Each entry below is to be transcribed exactly; pictures are not copied.

· · ·

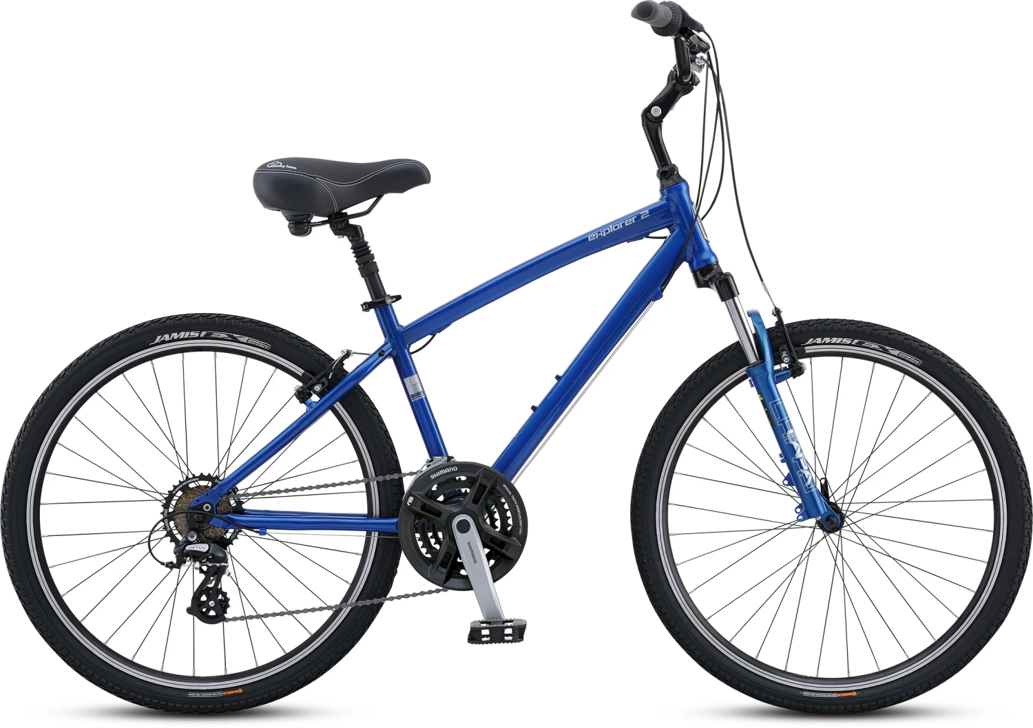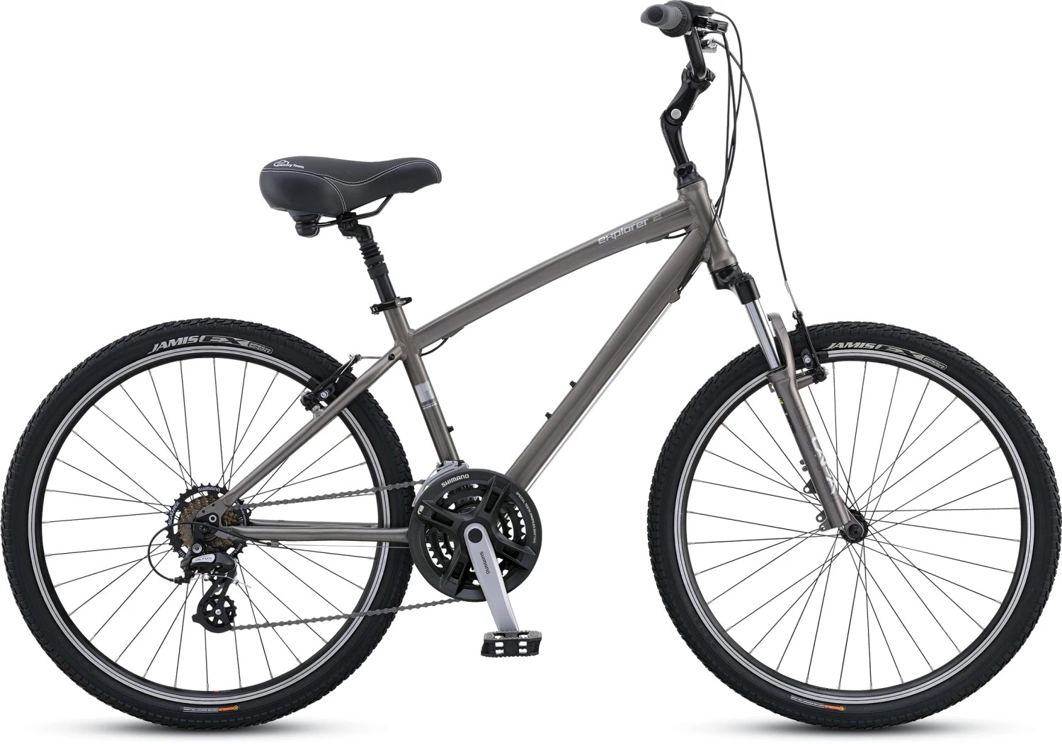 Take Jamis’ Explorer 2 on bike path explorations, road excursions and even gentle country trails. The superbly comfortable ride sports an upright riding position, a light 6061-aluminum frame, a suspension fork and a suspension seatpost. A 21-speed Shimano drivetrain makes easy work of hills and Tektro brakes provide control for the way down. And, the Explorer’s wide, puncture-resistant tires float over rough roads and grip corners with confidence.
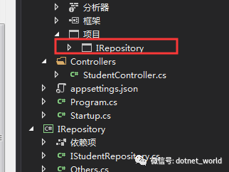 现在问题来了,随着实际业务开发,我们的业务类当中的方法会越来越多,同名或者类似的方法数不胜数,我们直接定位进去就是一大堆方法和方法体,所以我们修改一下,根据面向接口编程原则,我们将其抽离,新建仓储接口类库,IRepository,新建接口类,IStudentRepository,原先的方法继承实现接口:
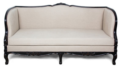 A French Empire Style Ebonized Mahogany Upholstered Settee
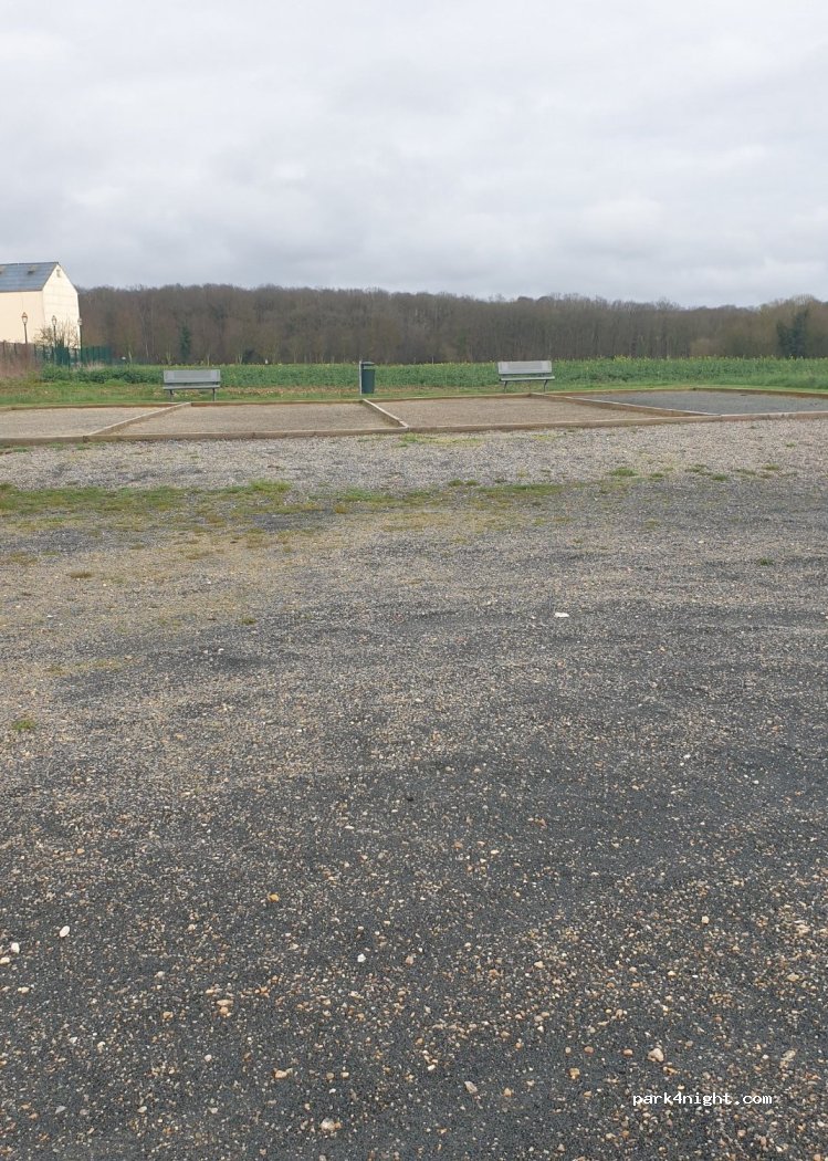 Parking,tranquille pas de bruit dormi une nuit, pas de soucis,terrain de pétanque à côté. Pas désert près d’un lotissement.
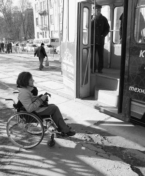 Під'їжджає трамвай. Сходинки на півметра вищі рівня землі. Без сторонньої допомоги потрапити всередину на візку неможливо.
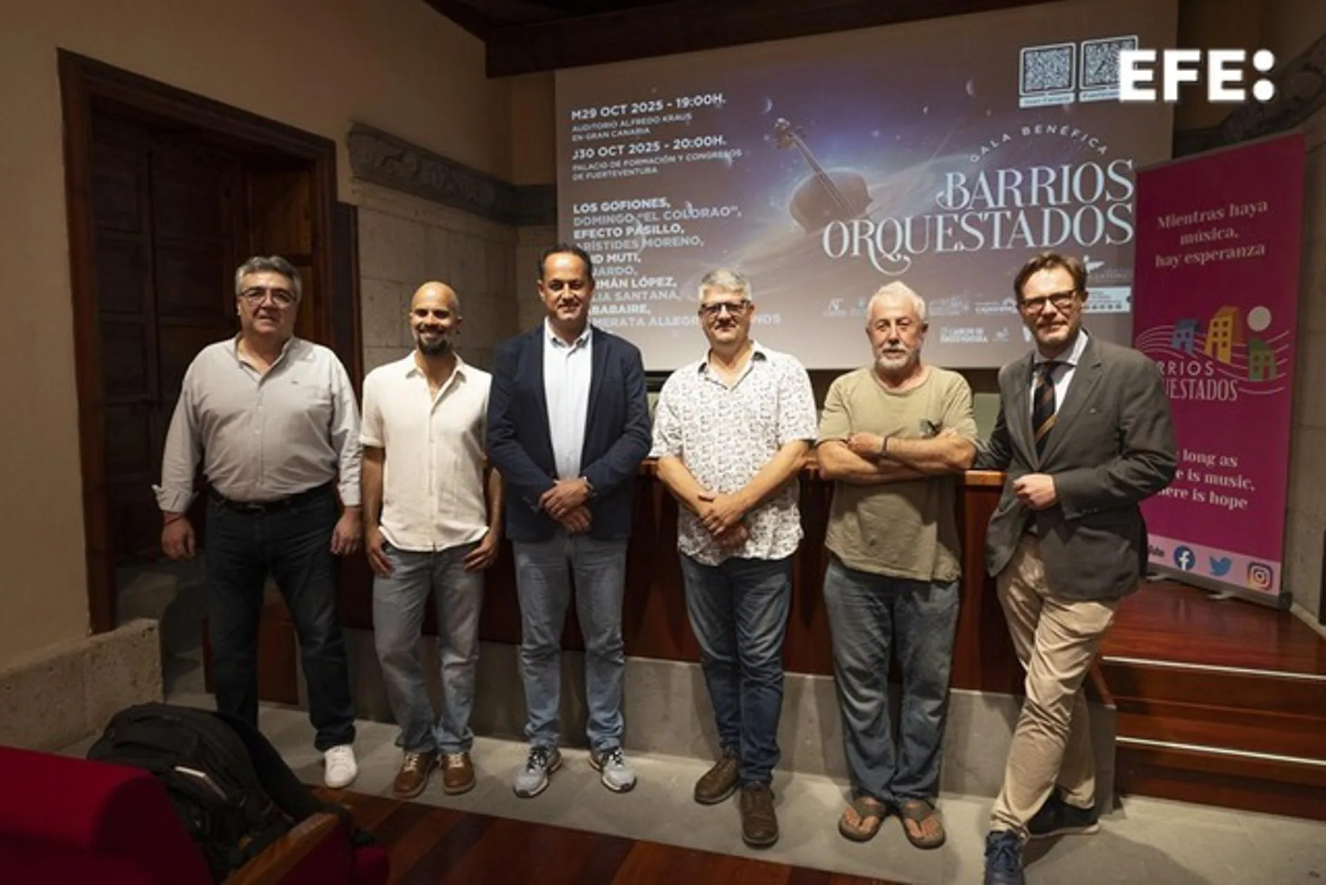 En representación de Los Gofiones, su presidente, José Afonso, ha agradecido la oportunidad de formar parte del cartel de la gala de Gran Canaria, al tiempo que ha recordado que no es la primera vez que colabora con este proyecto de «integración social que tanta falta hace en los barrios, donde la música ayuda a muchos chicos a ver el horizonte de otra manera». EFE
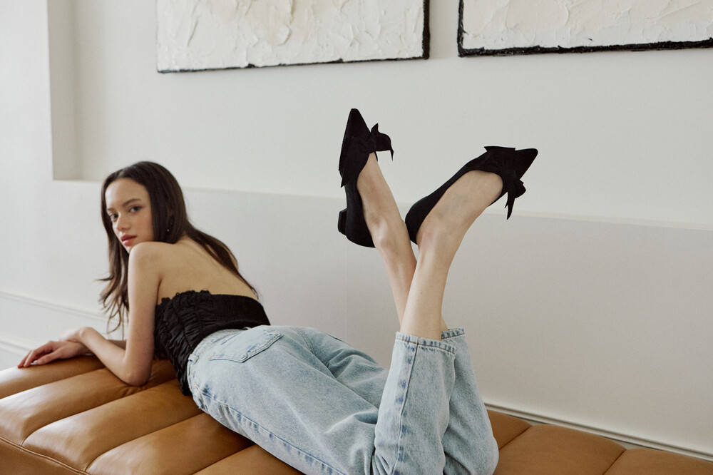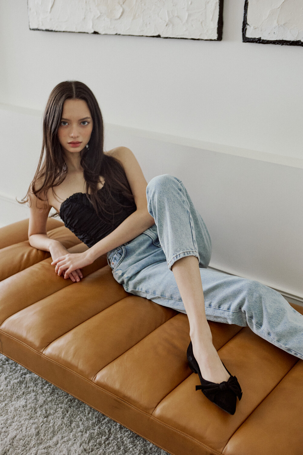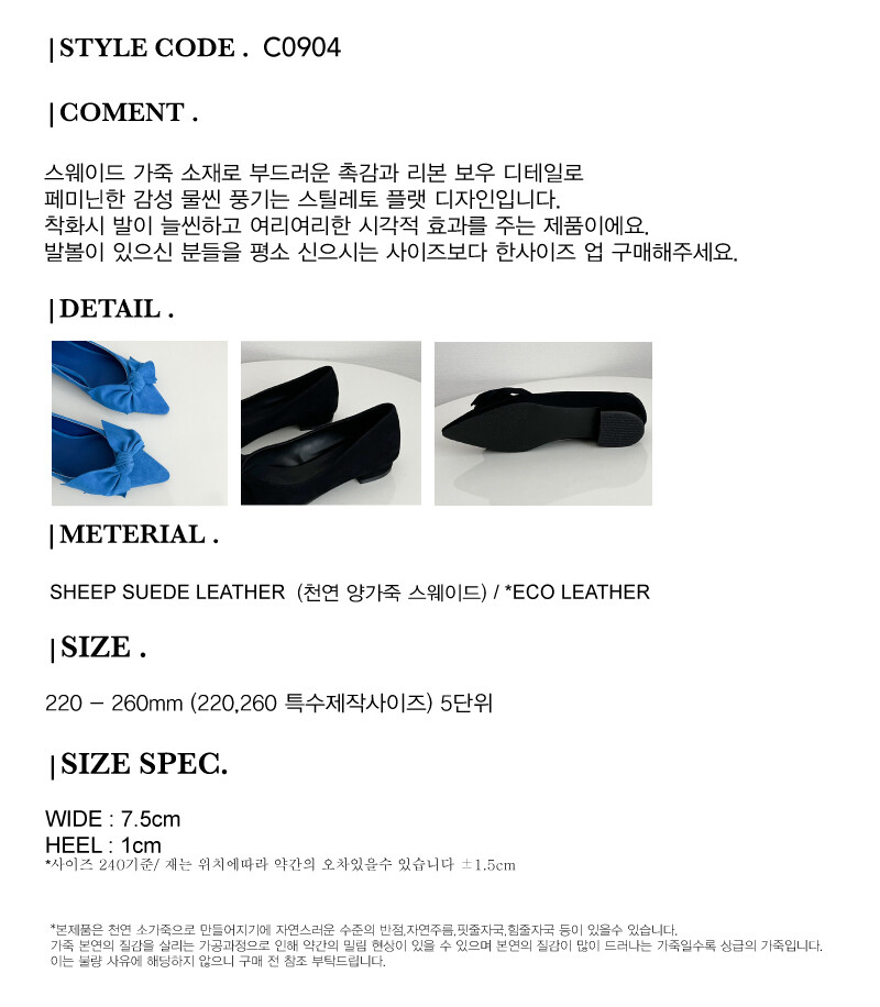 C0904 sheep suede leather ribon flat 1.5cm 스웨이드 리본 플랫
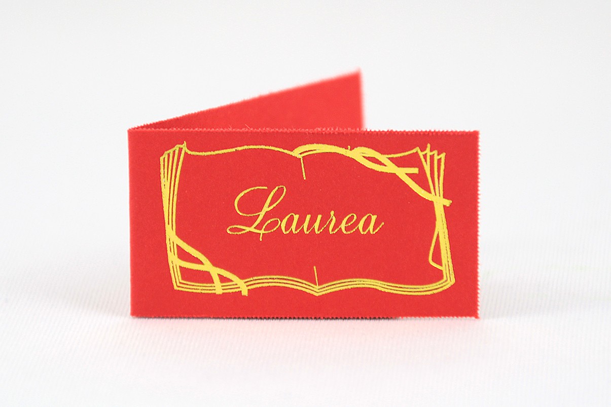 Formato aperto: cm 9 x 2,5. Formato chiuso: cm 4,5x 2,5. Stampa tipografica e lamina a caldo. Prezzo indicato per 100 pezzi.
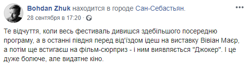 "То чувство, когда весь фестиваль смотришь основном посредственную программу, а в последние юга перед отъездом идешь на выставку Вивиан Майер, а затем еще успеваешь на фильм-сюрприз - и им оказывается "Джокер". И это очень болезненно, но выдающееся кино" - написал Богдан Жук.
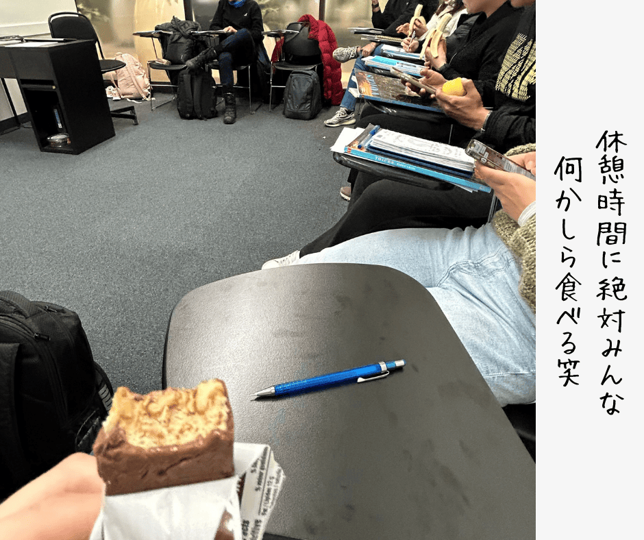 学校も、休憩時間にはお菓子をむさぼる程慣れました。
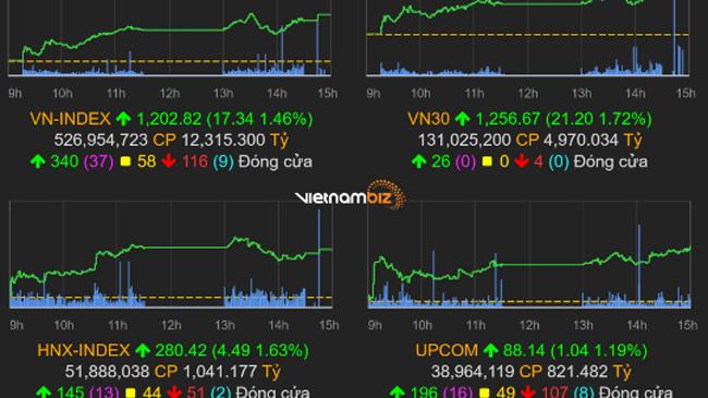 VN-Index đóng cửa cao nhất phiên, dừng chân ở mốc 1.202,82 điểm, tăng hơn 17 điểm so với phiên trước đó.
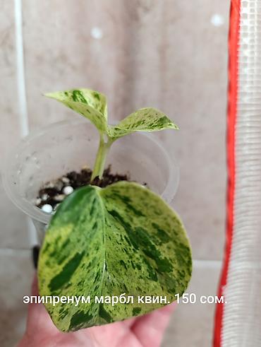 - Эпипремнум Marble Queen — пестролистный черенок с мраморным рисунком. Неприхотлив, хорошо растёт в подвесах и на опоре, переносит полутень. Цена на фото: 150 сом.
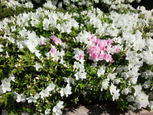 森之宮の病院の植え込みに咲いた白い躑躅(つつじ)です。朝の光を浴びて白い花が真っ白に輝いていました。

· · ·

Solution for this task:
 Take Jamis’ Explorer 2 on bike path explorations, road excursions and even gentle country trails. The superbly comfortable ride sports an upright riding position, a light 6061-aluminum frame, a suspension fork and a suspension seatpost. A 21-speed Shimano drivetrain makes easy work of hills and Tektro brakes provide control for the way down. And, the Explorer’s wide, puncture-resistant tires float over rough roads and grip corners with confidence.
 现在问题来了,随着实际业务开发,我们的业务类当中的方法会越来越多,同名或者类似的方法数不胜数,我们直接定位进去就是一大堆方法和方法体,所以我们修改一下,根据面向接口编程原则,我们将其抽离,新建仓储接口类库,IRepository,新建接口类,IStudentRepository,原先的方法继承实现接口:
 A French Empire Style Ebonized Mahogany Upholstered Settee
 Parking,tranquille pas de bruit dormi une nuit, pas de soucis,terrain de pétanque à côté. Pas désert près d’un lotissement.
 Під'їжджає трамвай. Сходинки на півметра вищі рівня землі. Без сторонньої допомоги потрапити всередину на візку неможливо.
 En representación de Los Gofiones, su presidente, José Afonso, ha agradecido la oportunidad de formar parte del cartel de la gala de Gran Canaria, al tiempo que ha recordado que no es la primera vez que colabora con este proyecto de «integración social que tanta falta hace en los barrios, donde la música ayuda a muchos chicos a ver el horizonte de otra manera». EFE
 C0904 sheep suede leather ribon flat 1.5cm 스웨이드 리본 플랫
 Formato aperto: cm 9 x 2,5. Formato chiuso: cm 4,5x 2,5. Stampa tipografica e lamina a caldo. Prezzo indicato per 100 pezzi.
 "То чувство, когда весь фестиваль смотришь основном посредственную программу, а в последние юга перед отъездом идешь на выставку Вивиан Майер, а затем еще успеваешь на фильм-сюрприз - и им оказывается "Джокер". И это очень болезненно, но выдающееся кино" - написал Богдан Жук.
 学校も、休憩時間にはお菓子をむさぼる程慣れました。
 VN-Index đóng cửa cao nhất phiên, dừng chân ở mốc 1.202,82 điểm, tăng hơn 17 điểm so với phiên trước đó.
 - Эпипремнум Marble Queen — пестролистный черенок с мраморным рисунком. Неприхотлив, хорошо растёт в подвесах и на опоре, переносит полутень. Цена на фото: 150 сом.
 森之宮の病院の植え込みに咲いた白い躑躅(つつじ)です。朝の光を浴びて白い花が真っ白に輝いていました。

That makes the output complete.